[Stored records]
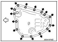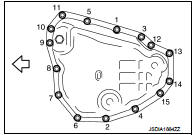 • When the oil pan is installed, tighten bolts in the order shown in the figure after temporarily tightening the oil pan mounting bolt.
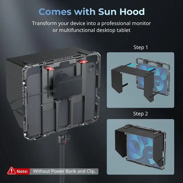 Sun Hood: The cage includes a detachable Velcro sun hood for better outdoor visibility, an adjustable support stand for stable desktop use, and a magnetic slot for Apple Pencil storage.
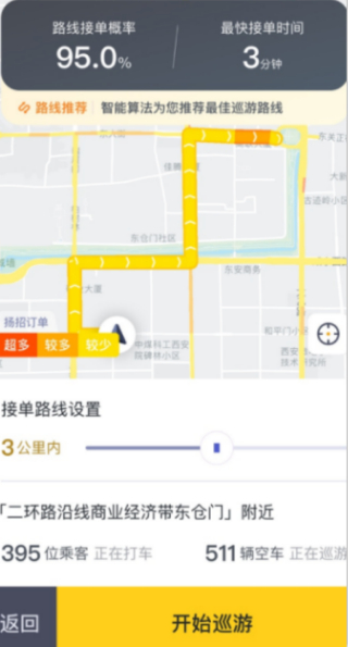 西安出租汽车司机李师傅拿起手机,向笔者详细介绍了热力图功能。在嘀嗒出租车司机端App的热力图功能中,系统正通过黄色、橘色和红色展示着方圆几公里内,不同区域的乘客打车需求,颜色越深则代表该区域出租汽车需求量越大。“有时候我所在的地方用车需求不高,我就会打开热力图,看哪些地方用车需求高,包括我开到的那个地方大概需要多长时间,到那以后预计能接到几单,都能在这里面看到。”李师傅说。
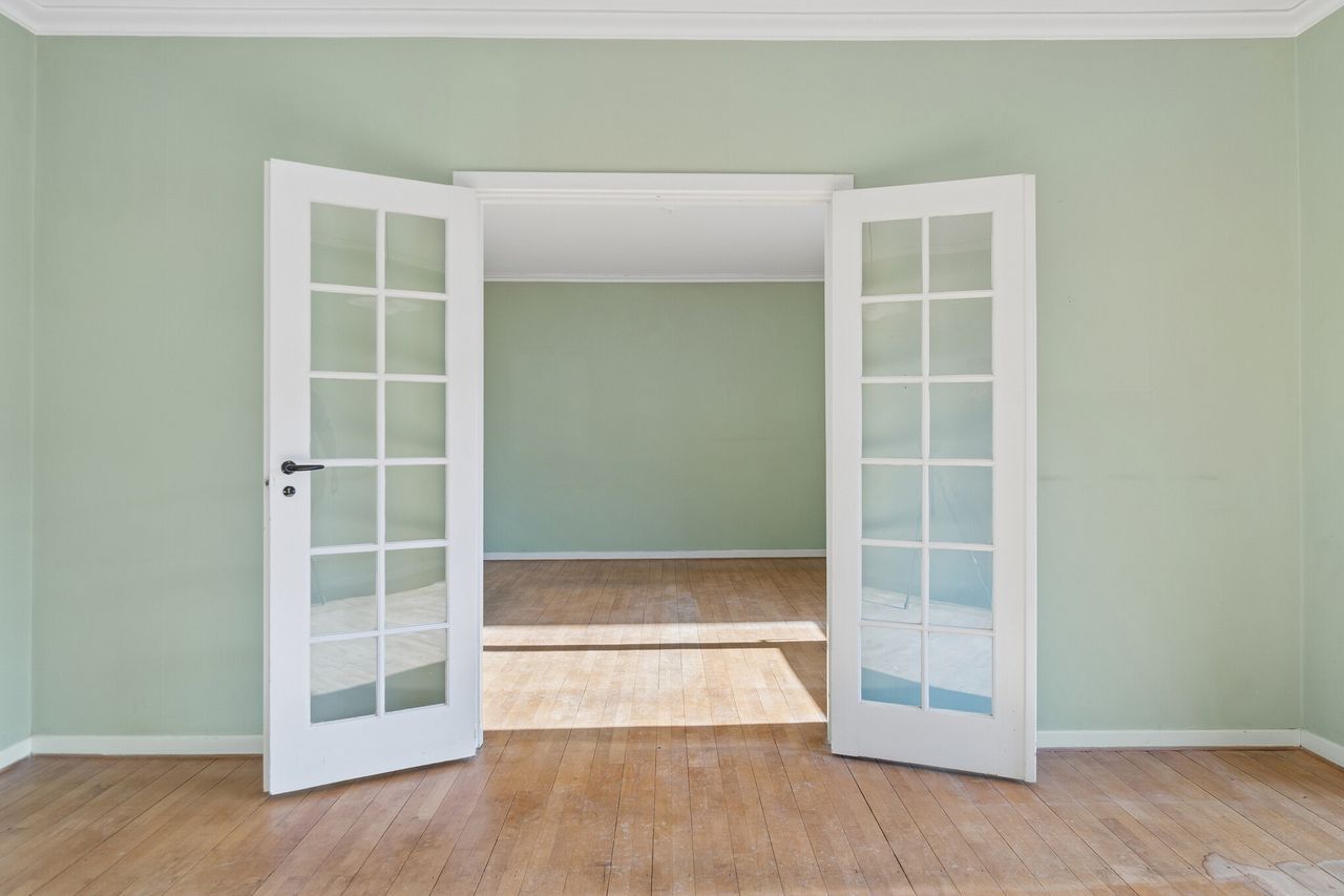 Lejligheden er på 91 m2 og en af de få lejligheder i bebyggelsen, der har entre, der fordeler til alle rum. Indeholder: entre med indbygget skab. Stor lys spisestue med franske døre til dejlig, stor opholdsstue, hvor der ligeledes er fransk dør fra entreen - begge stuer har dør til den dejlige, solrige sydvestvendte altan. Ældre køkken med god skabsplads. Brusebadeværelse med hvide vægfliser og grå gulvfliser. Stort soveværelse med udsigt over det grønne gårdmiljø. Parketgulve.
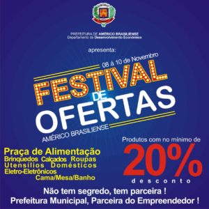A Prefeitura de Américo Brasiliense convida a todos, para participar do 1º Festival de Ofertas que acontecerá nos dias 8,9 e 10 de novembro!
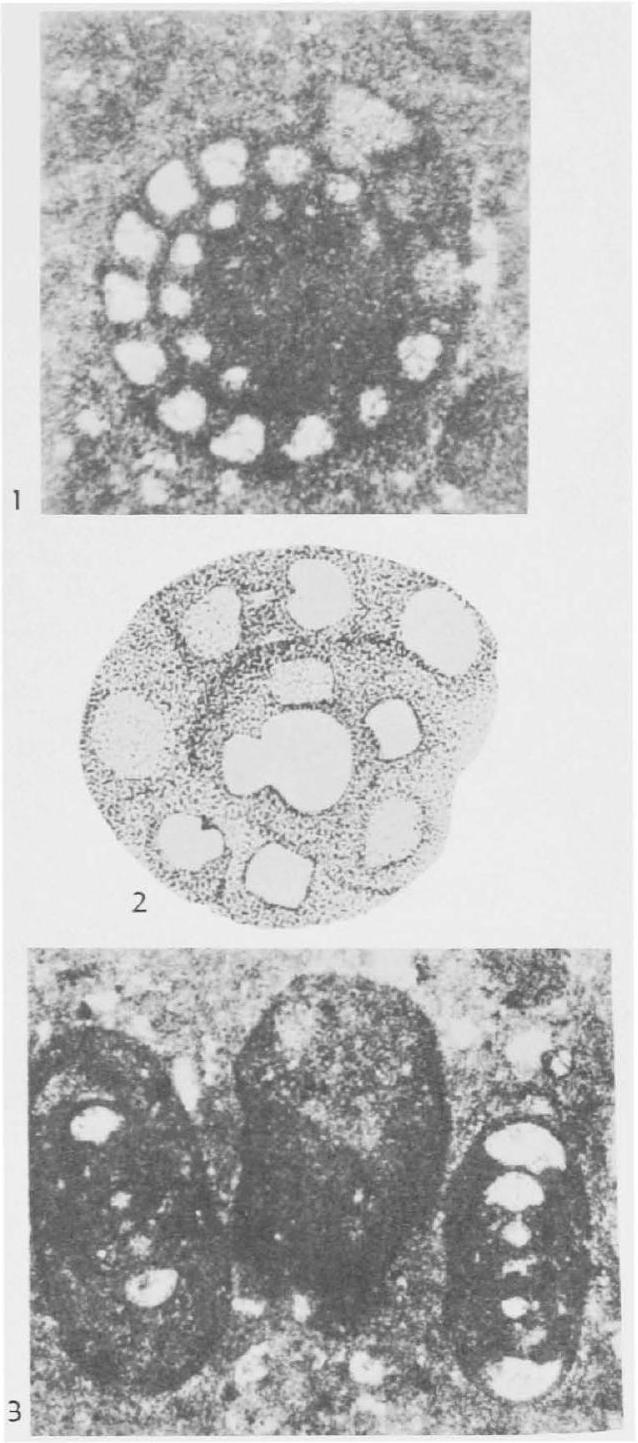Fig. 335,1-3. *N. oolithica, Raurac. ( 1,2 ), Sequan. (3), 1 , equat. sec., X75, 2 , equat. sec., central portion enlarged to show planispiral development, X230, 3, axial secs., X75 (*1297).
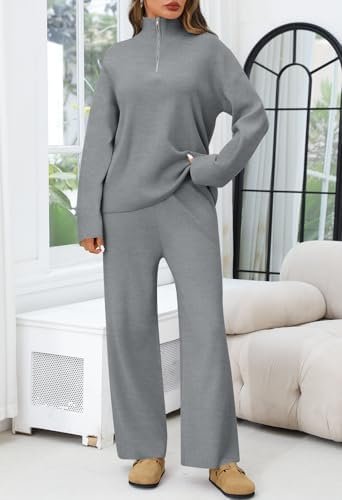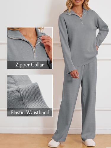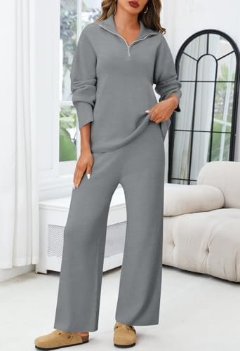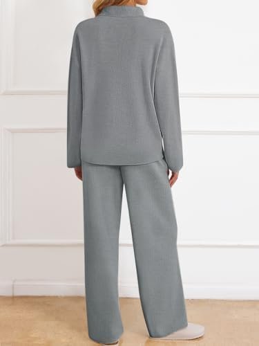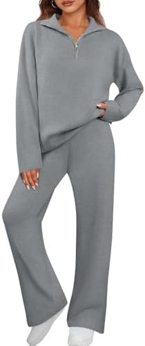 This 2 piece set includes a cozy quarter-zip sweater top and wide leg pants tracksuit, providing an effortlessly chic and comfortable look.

_Problem to solve_. Print, exactly as written, the lines above from the first one to the one containing "Sun Hood: The". Leave out pictures.

_Exercise solution_.
 • When the oil pan is installed, tighten bolts in the order shown in the figure after temporarily tightening the oil pan mounting bolt.
 Sun Hood: The cage includes a detachable Velcro sun hood for better outdoor visibility, an adjustable support stand for stable desktop use, and a magnetic slot for Apple Pencil storage.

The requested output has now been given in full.